In the 1990s, some Reserve and National Guard Officers, including some JAGs like me, and government and private physicians researching anthrax, formed a working group to oppose DoD’s first anthrax vaccine. We stood on science, fact, law, not “religion” and fetus fetishes with the goal of positive impact for individual Servicemembers and their families, and the military mission. A comparison of our motive and tactics with the baseless “religious infringement” and “constitutional” claims of some current COVID military refusniks reveals how insidious, cynical, politicized, and dangerous to our national security their tactics are.

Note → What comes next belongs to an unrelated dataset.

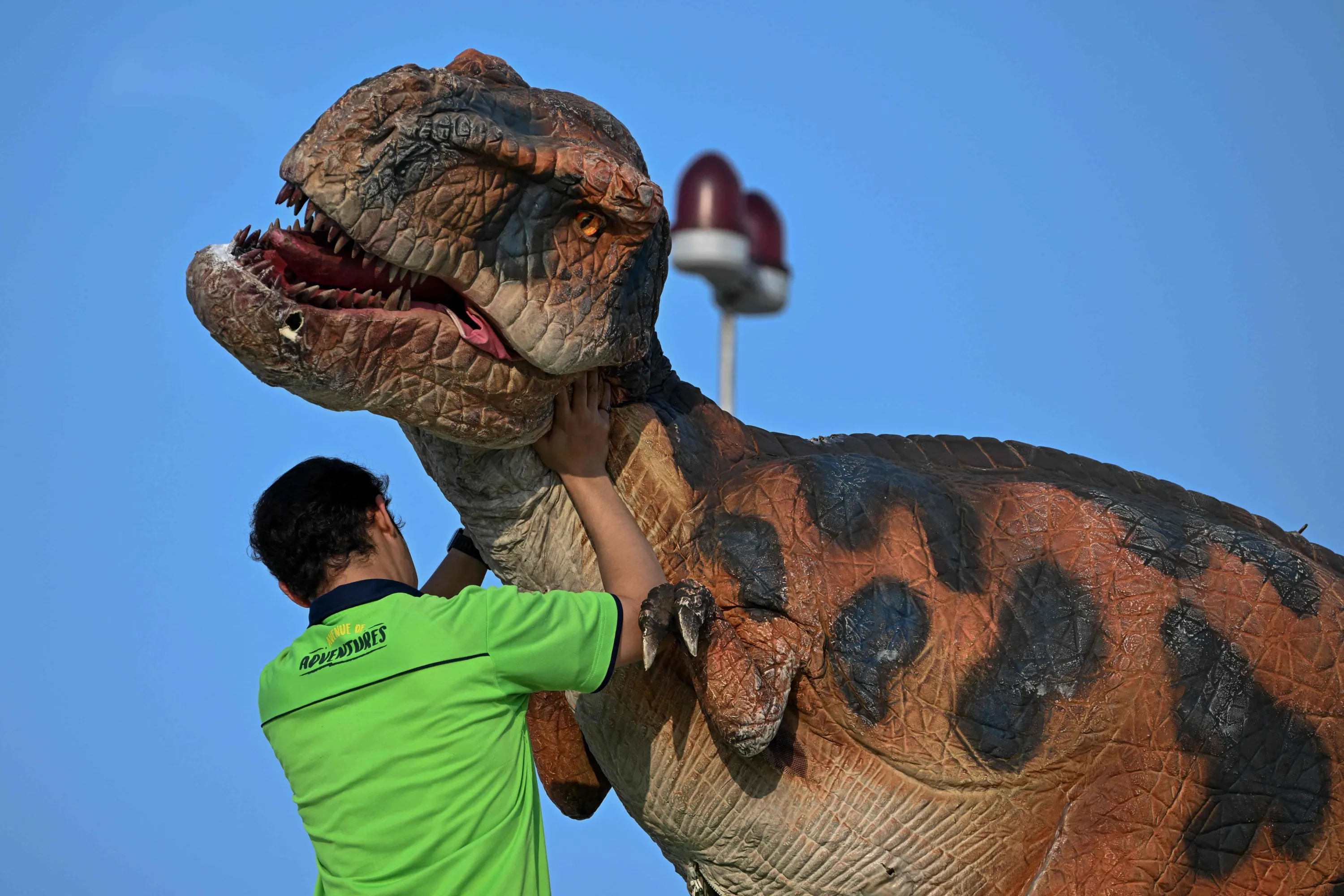 A worker adjusts a performer's dinosaur costume on the top of Penang state's landmark Komtar tower on Penang island in Malaysia on March 10, 2023. (Photo by Mohd Rasfan/AFP Photo)

Unlike COVID’s dramatic entry to world stage, anthrax emerged as a DoD focus during Gulf I for no apparent reason except anthrax and MidEast terrorists exist in arid soil. Anthrax is not a contagious bacteria or virus like small pox and COVID, it is spores spread by direct contact, most commonly through the skin of workers who handle hides and wool of animals living in spore-infected soil, and possibly by eating their meat. Anthrax has been used as a bioweapon; in WWII the British dropped infected cow carcasses to starving Germans. The sole documented lethal modern anthrax attack was in the U.S. Northeast, at one point attributed to a researcher in a U.S. Army laboratory mailing a stable powdered anthrax through the U.S. Postal Service. To be effective against our military, it would have to infect many people at once, which requires aerosol delivery. To make such a delivery system from wild anthrax that would not also contaminate those who used it would require sophisticated engineering (the Russians famously failed at it a 1978 68 fatality lab spill). So far, no such system is known to exist, and no anthrax attack occurred in the ensuing 20 years fighting terrorists on MidEast soil.

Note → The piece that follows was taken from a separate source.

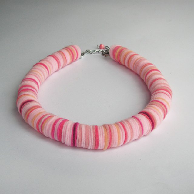 Naszyjnik w całości wykonany ręcznie z filcu. Filcowe kółeczka nawleczone na żyłkę jubilerską tworzą kompozycję barwną: różne odcienie różu przemiennie z odcieniami koloru łososiowego, morelowego, a także intensywnych odcieni różowego.

Anthrax has harmed our military through DoD’s vaccine. First, DoD committed to en masse vaccination without any clear threat and before it had a vaccine, much less safe and effective against a hypothetical method for an anthrax attack. To date DoD does not have a vaccine proven efficacious against inhaled anthrax. No willing reputable manufacturer would invest in research and development because the civilian market is the tiny number of people who work with animal hides/wool. DoD found an almost defunct manufacturer in MI who said it had such an anthrax vaccine in stock. It had something manufactured by a predecessor in the 1970s with a 1950s formula – a 40 year old formula predating modern trials and federal review, without proper storage for 20 years. The company was not a researcher. They cranked up the old stuff with adjuvants and gave it to us with no transparency on the risk.

Second, the rollout was years of confusion on dose and boosters. It started with 4-6 jabs the first year then every six months forever with dire warnings of health issues and having to start over if any were missed or late, impossible to administer in the transient military. Predictably, young healthy people were injured and losses to the military. Especially for the Active Duty and junior ranks without private care before Obamacare, reporting of adverse reactions was spotty. People could not get it on time because of duty locations and had to start over, ending up double dosed. Others left the military before completing, with the vaccine unavailable privately. It especially affected the country’s large Reserve where troop strength is transient but more vital to national security than most Americans know. Contrast with COVID vaccines, among the most monitored ever in part because they employ new technology still in active competitive research. Global vaccine companies are sharing efficacy and safety data with all levels of government, private physicians, researchers and the public. Private physicians are watching efficacy and adverse reactions in their patients who include most of the military (Reservists who do not get military healthcare). The adjustments in doses and boosters is warranted given our massive diverse population, the new technology and urgency of this virus – while the nation was still at war against MidEast terrorists when it began. The overall success of the COVID vaccines is despite unprecedented interference by political operatives and grifters driving panic, insane lies and conspiracy theories.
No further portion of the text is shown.